Differential behaviour of a risk score for emergency hospital admission by demographics in Scotland-A retrospective study

PLOS Digit Health. 2024 Dec 17;3(12):e0000675. doi: 10.1371/journal.pdig.0000675. eCollection 2024 Dec.

Abstract

The Scottish Patients at Risk of Re-Admission and Admission (SPARRA) score predicts individual risk of emergency hospital admission for approximately 80% of the Scottish population. It was developed using routinely collected electronic health records, and is used by primary care practitioners to inform anticipatory care, particularly for individuals with high healthcare needs.

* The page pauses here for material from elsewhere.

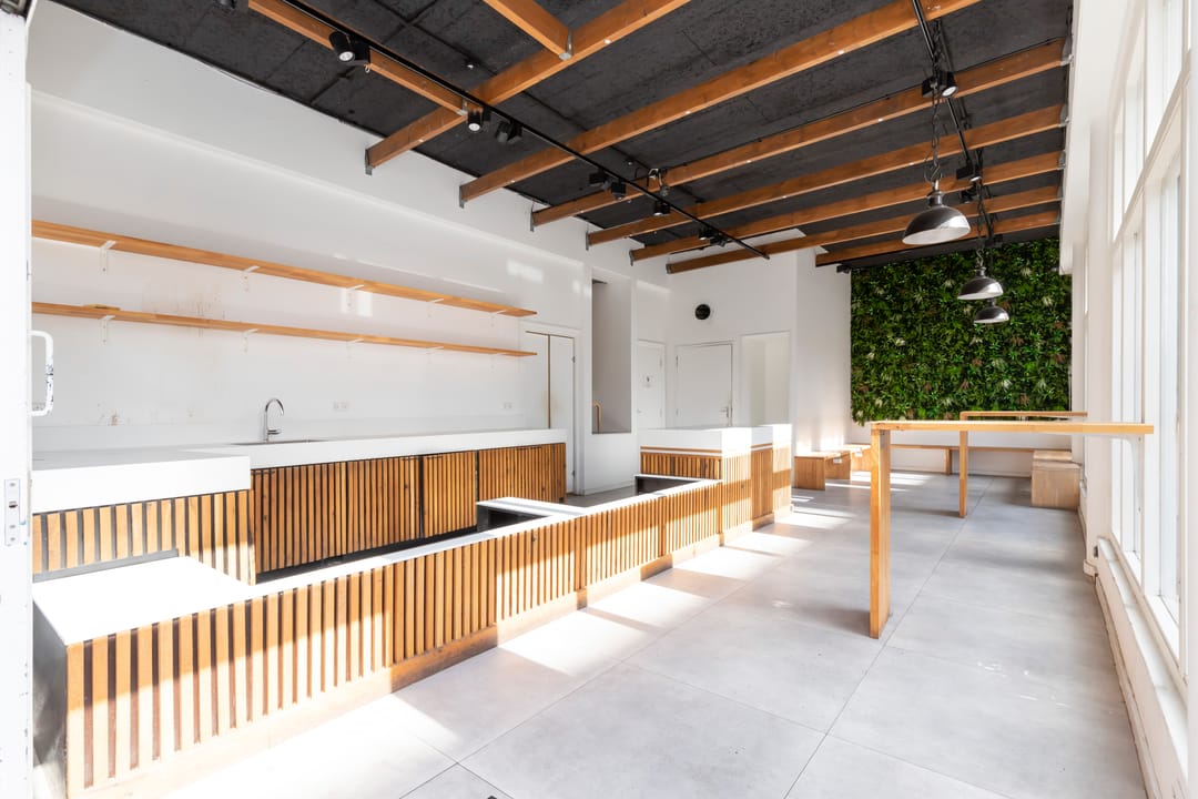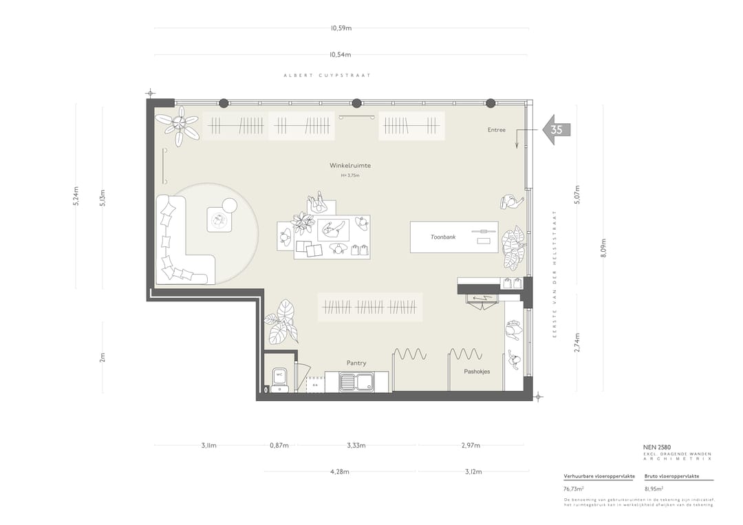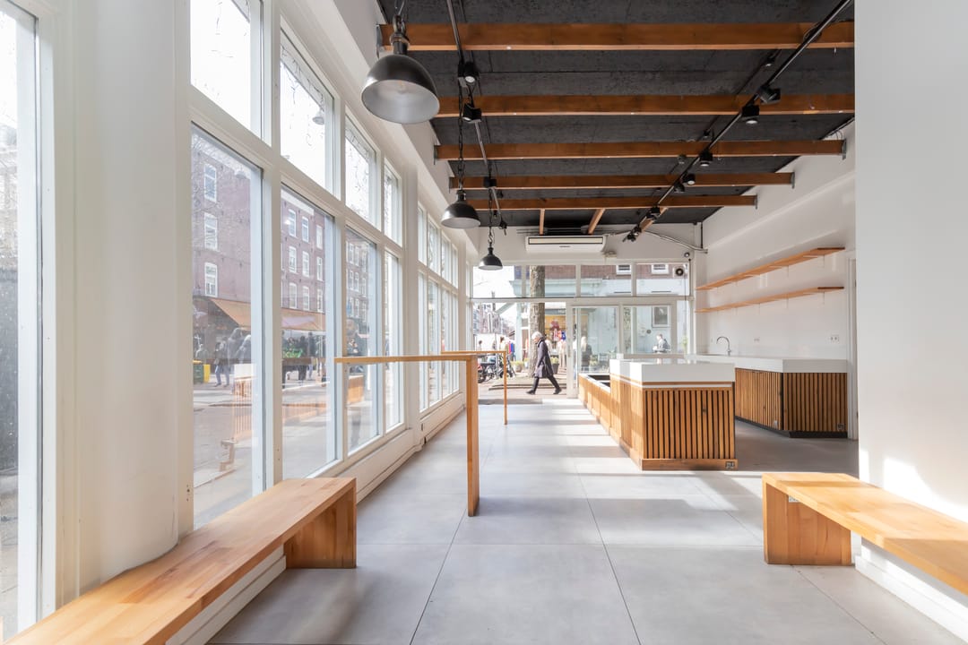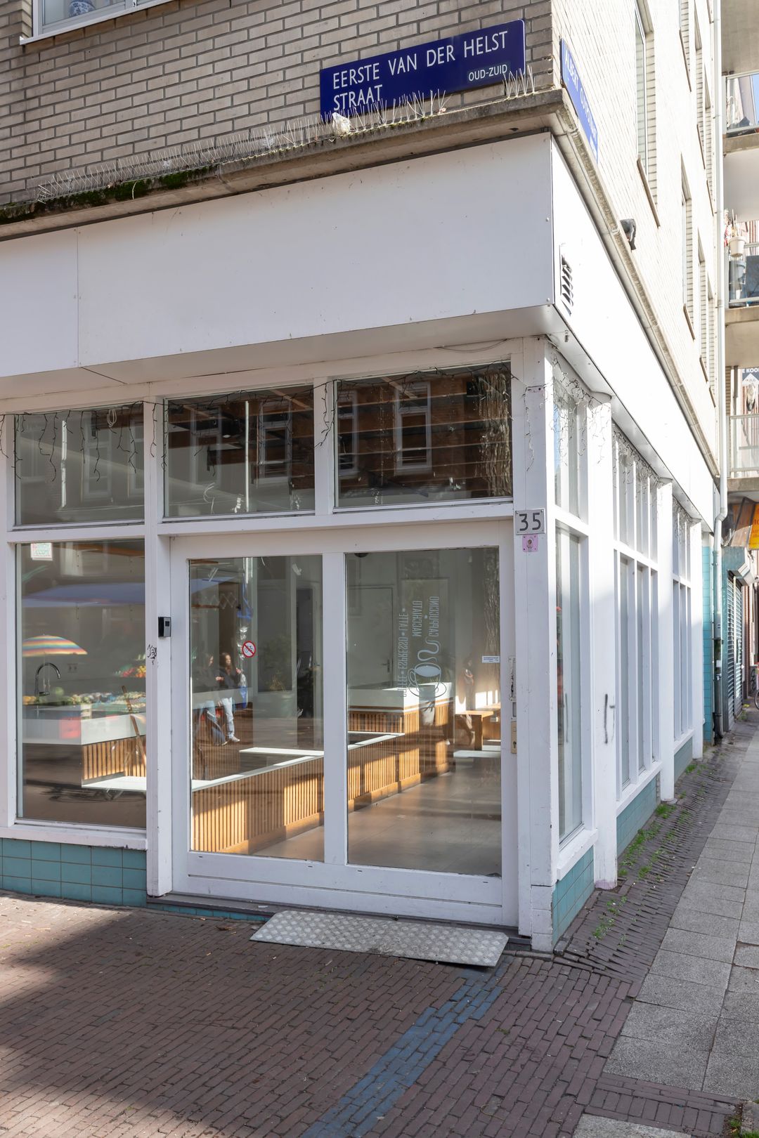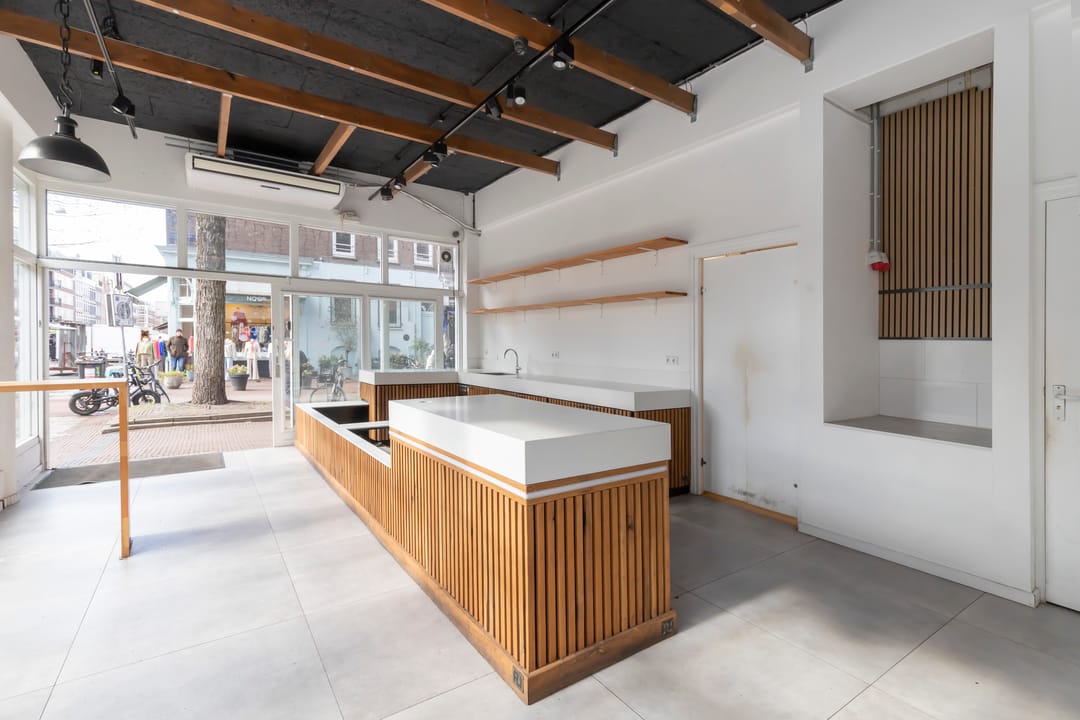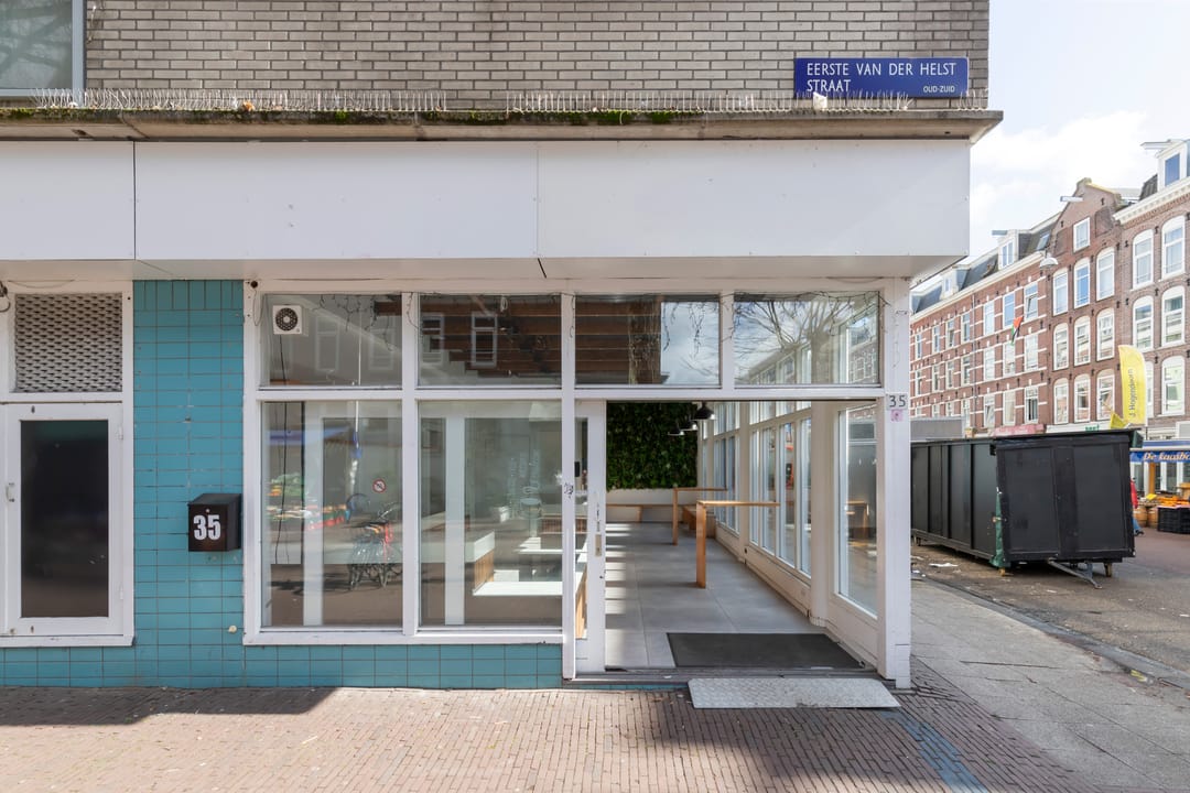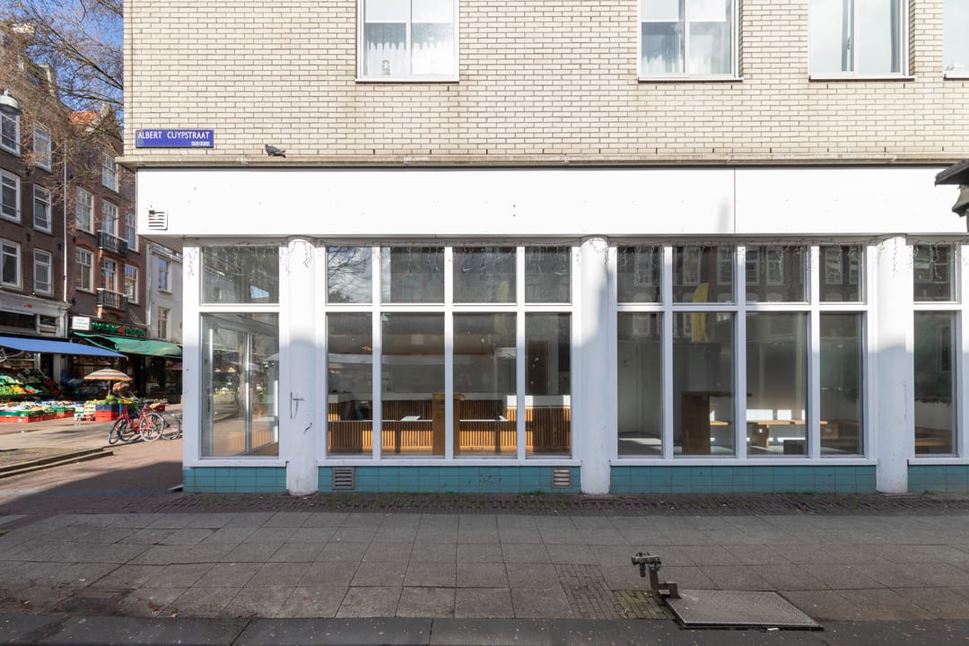 Op de hoek van de Eerste van der Helststraat en de Albert Cuypstraat wordt een winkelruimte te koop aangeboden. De winkelruimte maakt onderdeel uit van een commerciële plint onder een woongebouw. De metrage van de ruimte is circa 76 m² VVO en de vrije hoogte is 3,75 meter. Uniek aan de ruimte is de glazen frontbreedte van maar liefst 10 meter aan de zijde van de Albert Cuypstraat en 5 meter aan de zijde van de Eerste van der Helststraat.

We comprehensively assess the SPARRA score across population subgroups defined by age, sex, ethnicity, socioeconomic deprivation, and geographic location. For these subgroups, we consider differences in overall performance, score distribution, and false positive and negative rates, using causal methods to identify effects mediated through age, sex, and deprivation. We show that the score is well-calibrated across subgroups, but that rates of false positives and negatives vary widely, mediated by various causes including variability in demographic characteristics, admission reasons, and potentially differential data availability. Our work assists practitioners in the application and interpretation of the SPARRA score in population subgroups.

Grants and funding

This study was supported by The Alan Turing Institute, PHS, the MRC Human Genetics Unit at the University of Edinburgh, Durham University and Health Data Research UK. This project is supported by the Health Foundation, an independent charity committed to bringing about better health and health care for people in the UK. IT, JL, CAV, LJMA were supported by the Wave 1 of The UKRI Strategic Priorities Fund under the EPSRC Grant EP/T001569/1 and EPSRC Grant EP/W006022/1, particularly the “Health and Medical Sciences” theme within those grants and The Alan Turing Institute. IT, JL, CAV, LJMA were also supported by Health Data Research UK, an initiative funded by UKRI, the Department of Health and Social Care (England), the devolved administrations, and leading medical charities. LJMA was partially supported by a Health Programme Fellowship at The Alan Turing Institute. The funders had no role in the study design, data collection, analysis, decision to publish, or preparation of the manuscript.